* [Required action]: Would you output the lines from the one containing "The tribal print" through the final line of the entries, exactly and with pictures omitted?

* [Information given]:
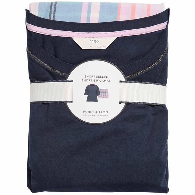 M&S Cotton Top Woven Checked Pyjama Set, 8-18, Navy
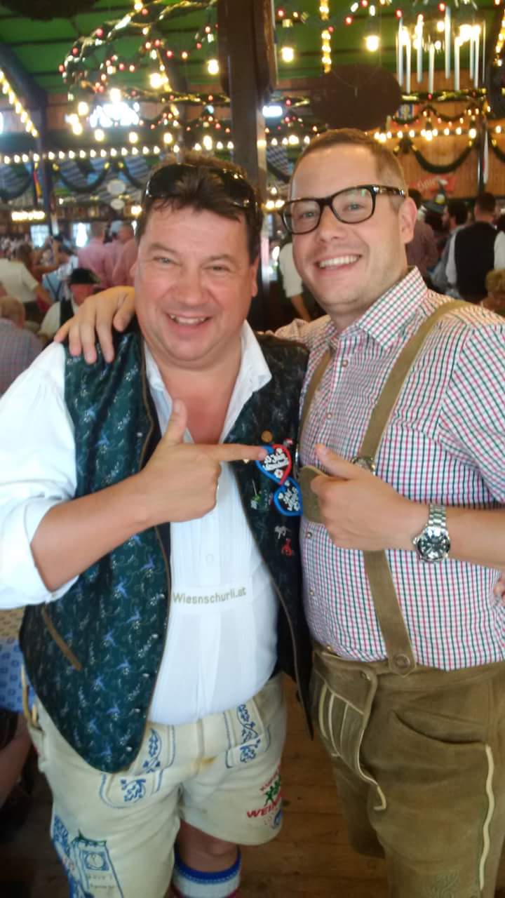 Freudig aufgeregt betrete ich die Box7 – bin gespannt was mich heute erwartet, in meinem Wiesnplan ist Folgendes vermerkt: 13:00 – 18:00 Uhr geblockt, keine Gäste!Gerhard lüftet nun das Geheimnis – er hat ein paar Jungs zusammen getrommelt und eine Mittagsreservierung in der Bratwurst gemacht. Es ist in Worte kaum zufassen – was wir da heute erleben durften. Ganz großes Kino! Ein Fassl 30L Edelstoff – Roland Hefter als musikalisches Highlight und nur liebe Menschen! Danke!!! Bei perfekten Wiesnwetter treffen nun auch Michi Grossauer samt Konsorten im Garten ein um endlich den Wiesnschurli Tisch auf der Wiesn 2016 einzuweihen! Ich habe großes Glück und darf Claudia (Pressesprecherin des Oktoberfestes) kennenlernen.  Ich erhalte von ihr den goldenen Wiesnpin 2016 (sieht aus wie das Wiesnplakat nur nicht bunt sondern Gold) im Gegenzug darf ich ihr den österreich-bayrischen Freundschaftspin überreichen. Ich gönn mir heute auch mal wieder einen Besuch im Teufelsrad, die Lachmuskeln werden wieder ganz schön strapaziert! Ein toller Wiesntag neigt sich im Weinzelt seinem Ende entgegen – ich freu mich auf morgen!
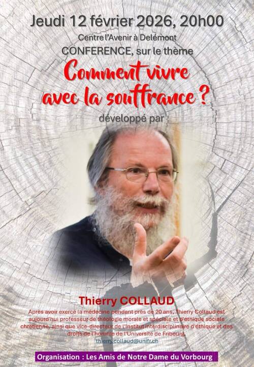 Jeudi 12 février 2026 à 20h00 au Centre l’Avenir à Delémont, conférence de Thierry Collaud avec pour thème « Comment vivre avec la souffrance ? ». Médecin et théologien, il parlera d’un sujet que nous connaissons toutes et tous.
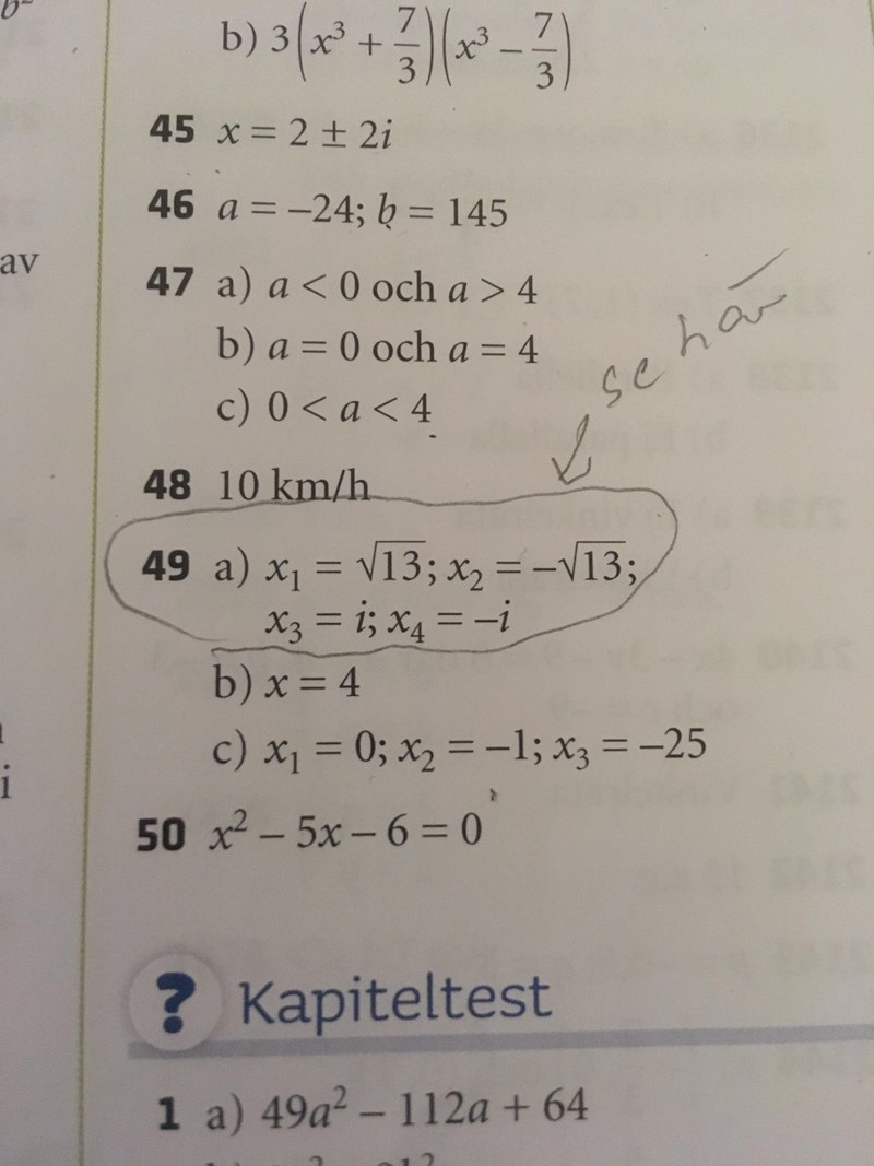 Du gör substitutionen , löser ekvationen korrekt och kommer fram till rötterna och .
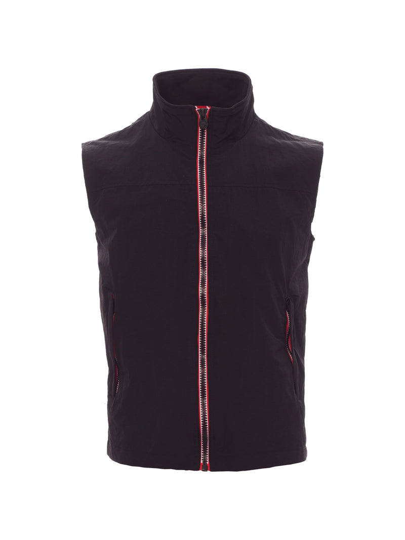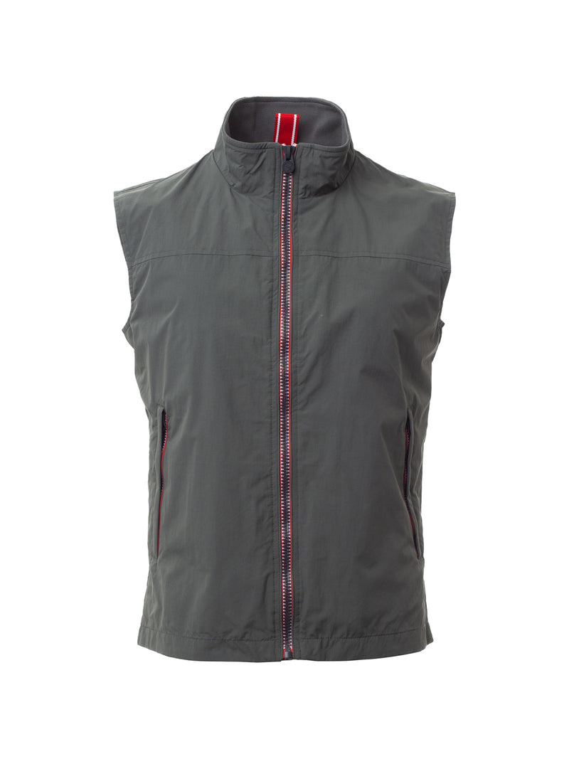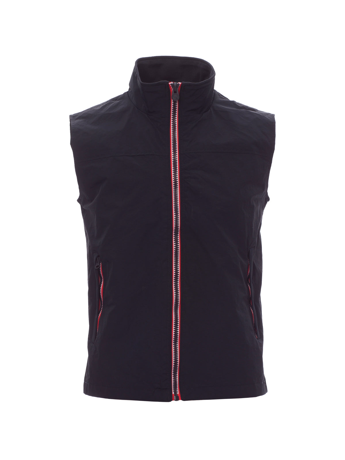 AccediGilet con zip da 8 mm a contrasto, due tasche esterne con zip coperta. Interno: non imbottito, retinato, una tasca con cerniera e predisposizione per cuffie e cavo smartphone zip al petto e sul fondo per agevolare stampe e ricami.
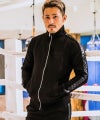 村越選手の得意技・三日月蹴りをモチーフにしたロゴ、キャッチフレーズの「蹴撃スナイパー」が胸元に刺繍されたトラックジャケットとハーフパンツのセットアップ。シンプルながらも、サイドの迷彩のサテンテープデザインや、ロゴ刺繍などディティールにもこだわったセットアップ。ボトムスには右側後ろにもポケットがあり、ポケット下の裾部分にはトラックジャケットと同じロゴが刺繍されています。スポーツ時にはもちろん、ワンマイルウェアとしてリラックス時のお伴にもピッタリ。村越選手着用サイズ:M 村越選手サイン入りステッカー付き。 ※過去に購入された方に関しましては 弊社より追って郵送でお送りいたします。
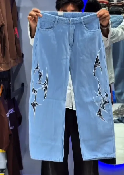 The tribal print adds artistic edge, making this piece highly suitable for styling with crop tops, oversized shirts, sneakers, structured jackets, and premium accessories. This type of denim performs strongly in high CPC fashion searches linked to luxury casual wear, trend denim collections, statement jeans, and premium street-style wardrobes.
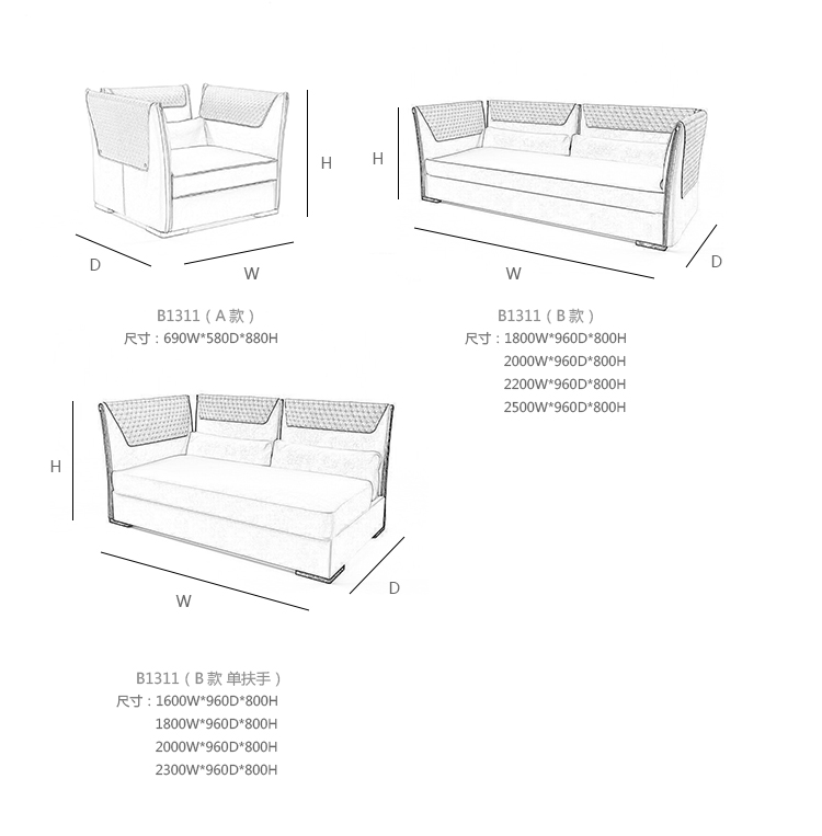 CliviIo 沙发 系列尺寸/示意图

* [Exercise response]:
 The tribal print adds artistic edge, making this piece highly suitable for styling with crop tops, oversized shirts, sneakers, structured jackets, and premium accessories. This type of denim performs strongly in high CPC fashion searches linked to luxury casual wear, trend denim collections, statement jeans, and premium street-style wardrobes.
 CliviIo 沙发 系列尺寸/示意图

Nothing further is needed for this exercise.